AVAILABLE RECORDS:
=== Section Start ===

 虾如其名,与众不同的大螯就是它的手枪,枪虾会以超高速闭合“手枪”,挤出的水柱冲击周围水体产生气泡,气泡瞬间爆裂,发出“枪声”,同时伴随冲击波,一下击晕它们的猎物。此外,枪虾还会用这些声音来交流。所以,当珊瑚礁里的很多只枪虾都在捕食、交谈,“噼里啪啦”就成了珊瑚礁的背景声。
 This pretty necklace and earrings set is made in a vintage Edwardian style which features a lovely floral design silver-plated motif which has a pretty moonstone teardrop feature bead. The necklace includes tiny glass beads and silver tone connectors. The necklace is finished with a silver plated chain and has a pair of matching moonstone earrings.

=== Section End ===
=== Section Start ===

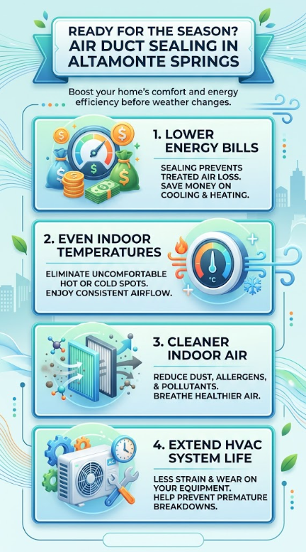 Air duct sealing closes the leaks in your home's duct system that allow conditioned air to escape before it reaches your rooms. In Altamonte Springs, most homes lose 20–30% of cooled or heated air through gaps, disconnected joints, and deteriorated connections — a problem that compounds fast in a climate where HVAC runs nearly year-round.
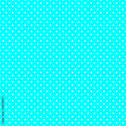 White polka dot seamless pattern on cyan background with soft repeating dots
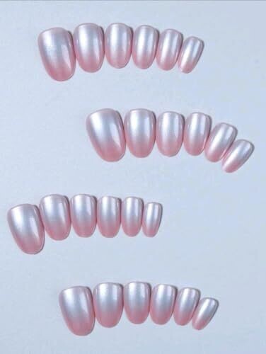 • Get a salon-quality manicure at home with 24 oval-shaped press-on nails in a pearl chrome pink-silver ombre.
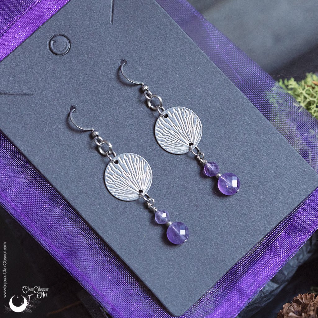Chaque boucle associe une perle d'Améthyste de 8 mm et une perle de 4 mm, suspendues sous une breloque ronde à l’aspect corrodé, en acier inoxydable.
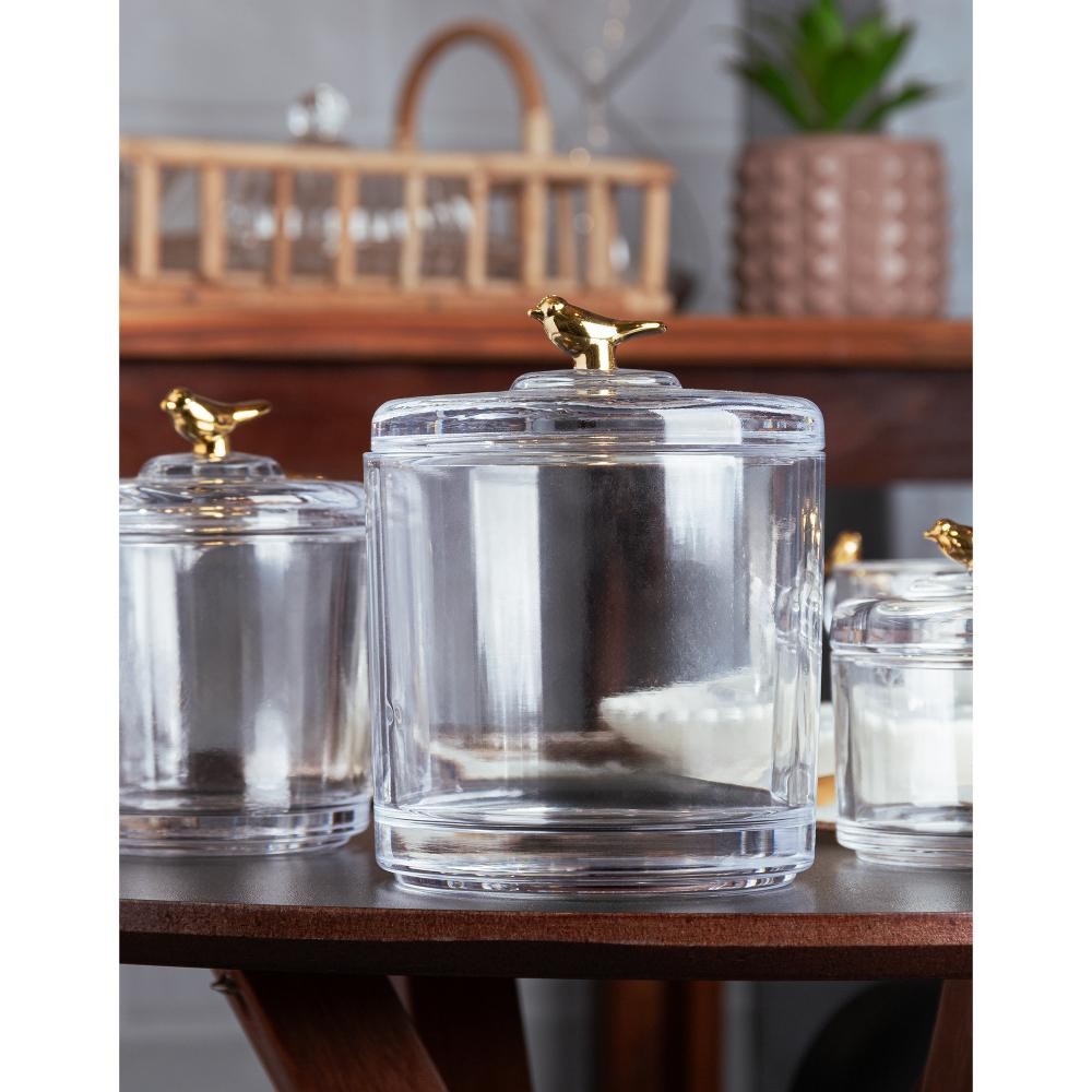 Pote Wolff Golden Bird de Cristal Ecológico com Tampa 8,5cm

=== Section End ===

Starting at the line above that has "chrome pink-silver ombre." and ending at the line that has "Chaque boucle associe", copy each line exactly, leaving the pictures out and adding nothing.

 • Get a salon-quality manicure at home with 24 oval-shaped press-on nails in a pearl chrome pink-silver ombre.
Chaque boucle associe une perle d'Améthyste de 8 mm et une perle de 4 mm, suspendues sous une breloque ronde à l’aspect corrodé, en acier inoxydable.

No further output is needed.